William Liu, Douglas Copland and the George E Morrison Lectures at the ANU

On 11 September 2014, the Seventy-fifth George E Morrison Lecture was presented at The Australian National University (ANU) by the noted economist Christine Wong. The title of the lecture was ‘State of the Local State in China: Challenges for Xi Jinping and Beyond’. It was the first time in the venerable history of the lecture series that the new building of the Australian Centre on China in the World was used as a venue. Prior to the oration, William Sima, a young scholar undertaking research on the Morrison Lectures and the early history of Chinese Studies at The ANU spoke about his recent archival discoveries. His remarks are reproduced below.
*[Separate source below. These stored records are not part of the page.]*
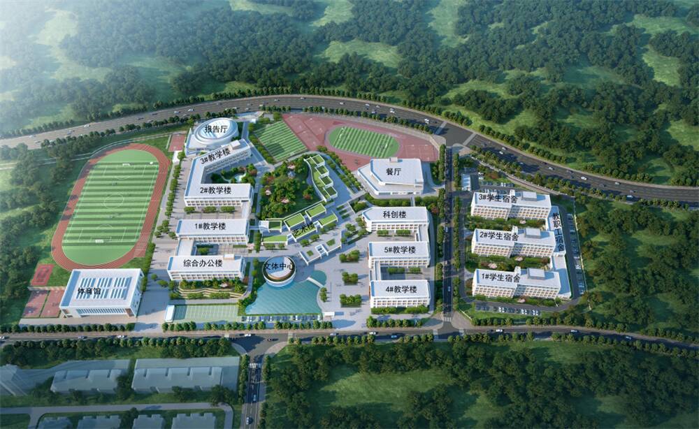 学校占地116953平方米,规划总建筑面积69472.4平方米,校园环境优美,整体建筑风格为自然与人文相融的花园式建筑。学校内图书馆、体育馆、礼堂等基础场馆设施完备,艺术馆、创客中心、科学实验室等特色空间应有尽有,充分满足学生从知识汲取、体艺培养到创新实践的多层次发展需求。
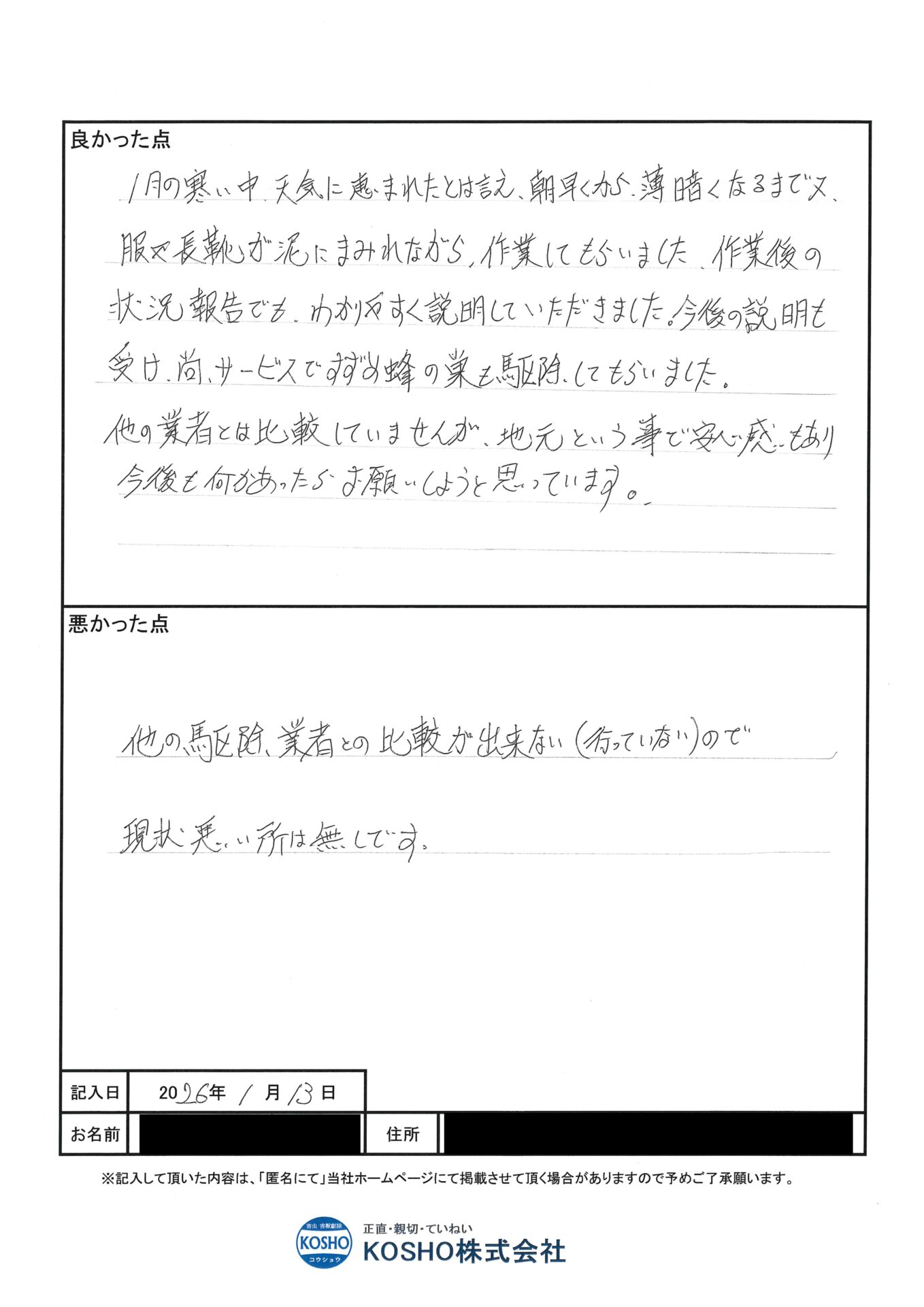 他の駆除業者との比較が出来ない(行っていない)ので、現状悪い所は無しです。
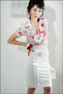 要領(lǐng):活潑的圖案,使普通款式的裙子變得吸引人,不過這種MINI的款式,不適合粗腿的MM.
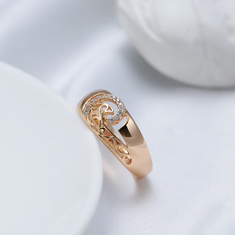 Kinel Hot Trendy Unique Women Rings 585 Rose Gold With Natural Zircon Hollow Pattern Ethnic Wedding Rings Fashion Jewelry Gift
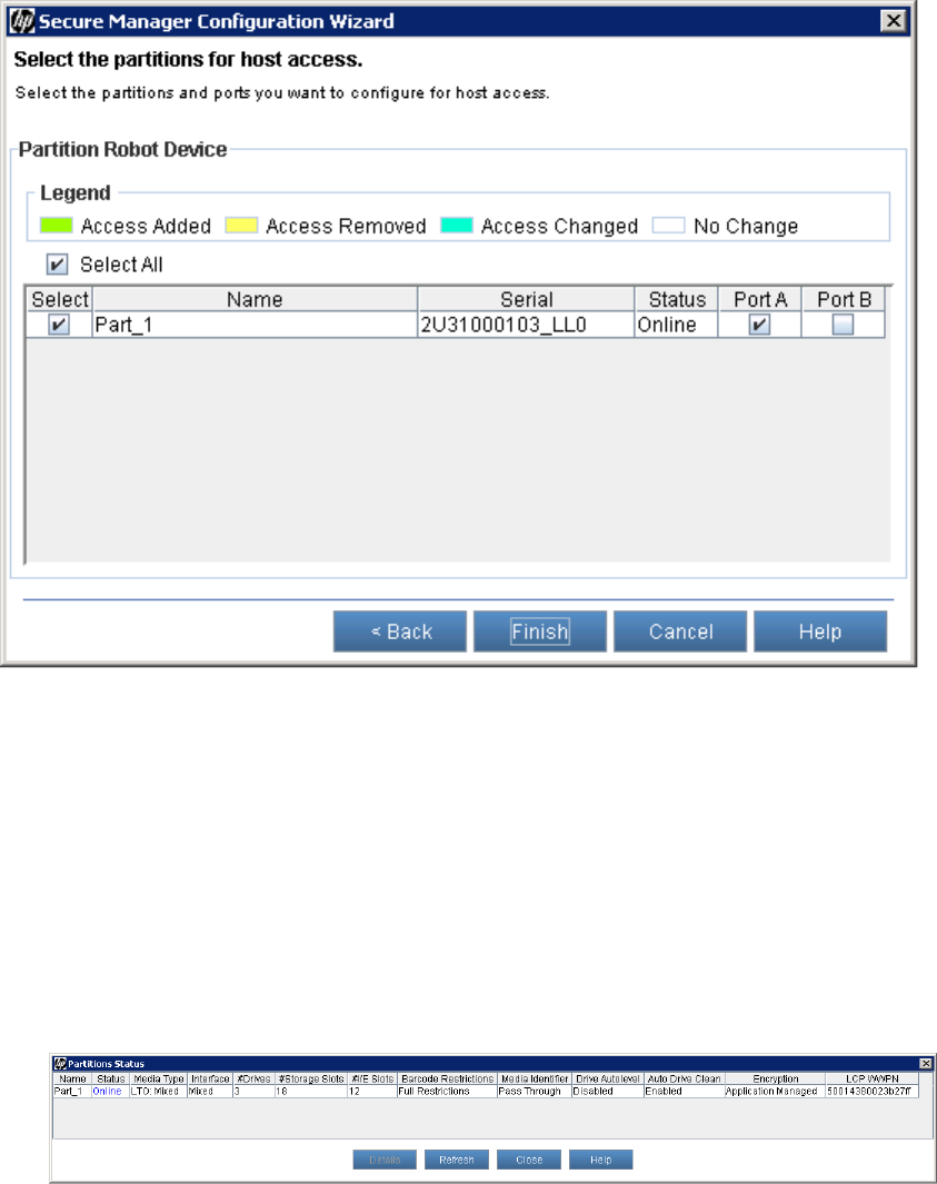 menu to see the Partitions Status dialog. The world wide name for the library controller is
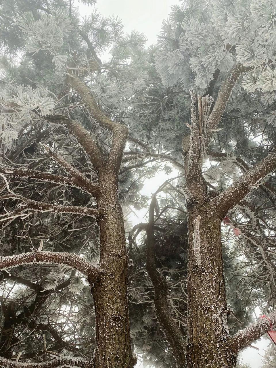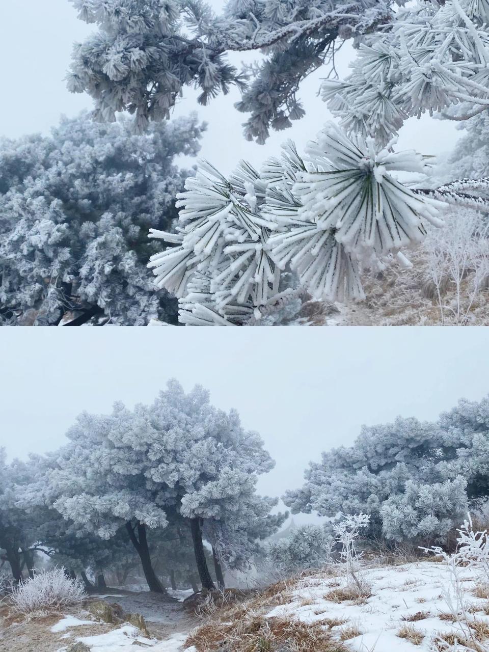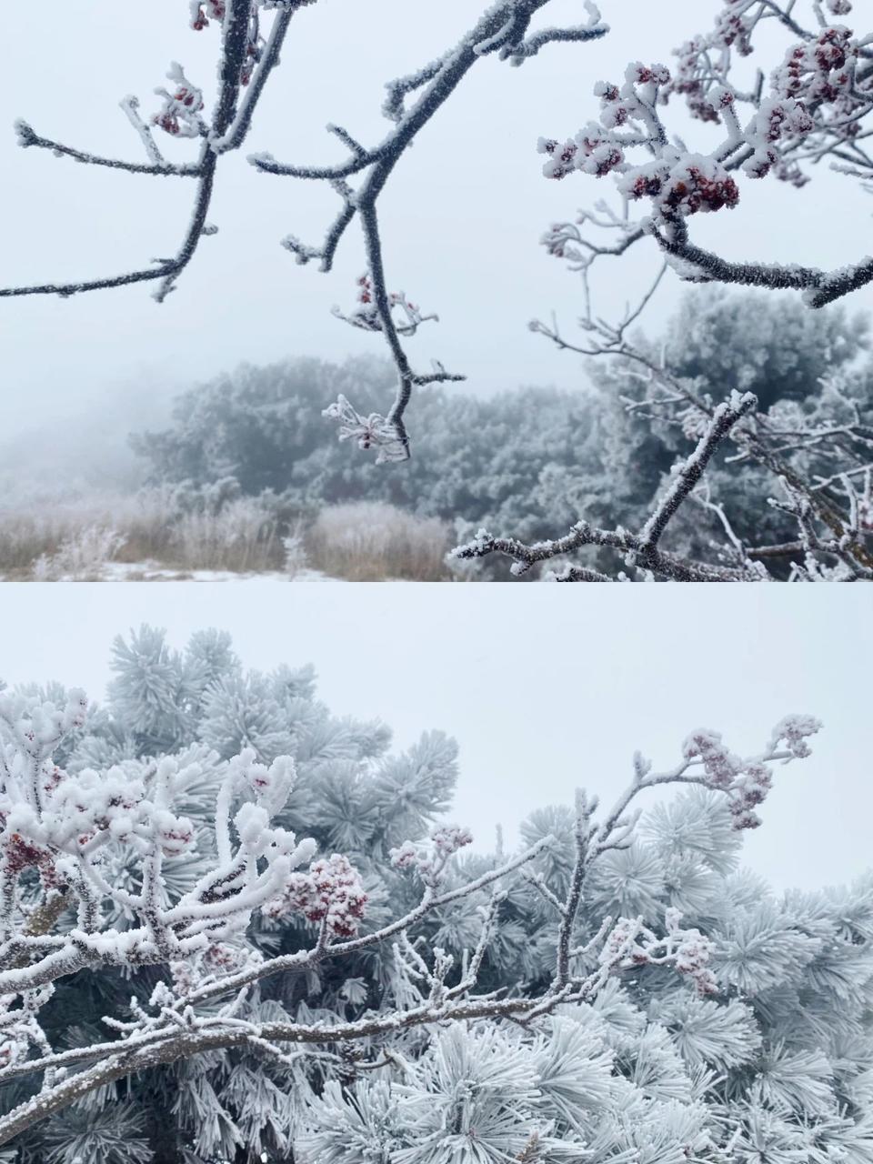 雾凇凝结让林木绽开银花,极目远眺,山峦与云雾虚实相映、若隐若现,皓然一色,呈现出诗情画意。冰雕玉砌、晶莹闪烁的雾凇缀满枝头,一树树、一丛丛,甚是雅致。

William Sima is now working with Olivier Krischer, a CIW Postdoctoral Fellow, on an exhibition related to his book project, China & ANU  Diplomats, Adventurers, Scholars, that will open in the CIW Gallery in April 2015.—The Editors

___________________

Fig. 1: William Joseph Liu, 1920. From C.Y. Yong The New Gold Mountain: The Chinese in Australia, 1901 – 1921, 1977, p.101

Fig. 1: William Joseph Liu, 1920. From C.F. Yong, The New Gold Mountain: The Chinese in Australia, 1901-1921, 1977, p.101

I remember so well, when the late Sir Colin MacKenzie established the Lectureship in 1931, he told me that it was to serve, though maybe only in some very small war, ‘in preventing conflict in the Pacific, but, if it ever came, that Australia and China would be fighting side by side to stop it as quickly as possible.’—William Joseph Liu, co-founder of the George E. Morrison Lecture in Ethnology, 1944

On 18 September 1931, Japan’s Kwantung Army, stationed in northeast China near the city of Mukden (today known as Shenyang), detonated explosives on a Japanese-owned railway line. Japan declared that the attack had been committed by nationalist Chinese subversives, and used it as a pretext for the full-scale invasion of China’s three northeastern provinces – Liaoning, Heilongjiang and Kirin (Jilin) – a region then commonly known as Manchuria. A puppet government in a puppet state called Manchukuo 滿洲國 was established the following year, with the last Manchu Emperor of the fallen Qing Dynasty, Aisin-Gioro Puyi 愛新覺羅·溥儀 (1906-1967), installed as Emperor. The events of 18 September became known as the Mukden Incident, which remains today one of the most notorious dates in the Chinese calendar of ‘a century of national humiliation’ 百年国耻.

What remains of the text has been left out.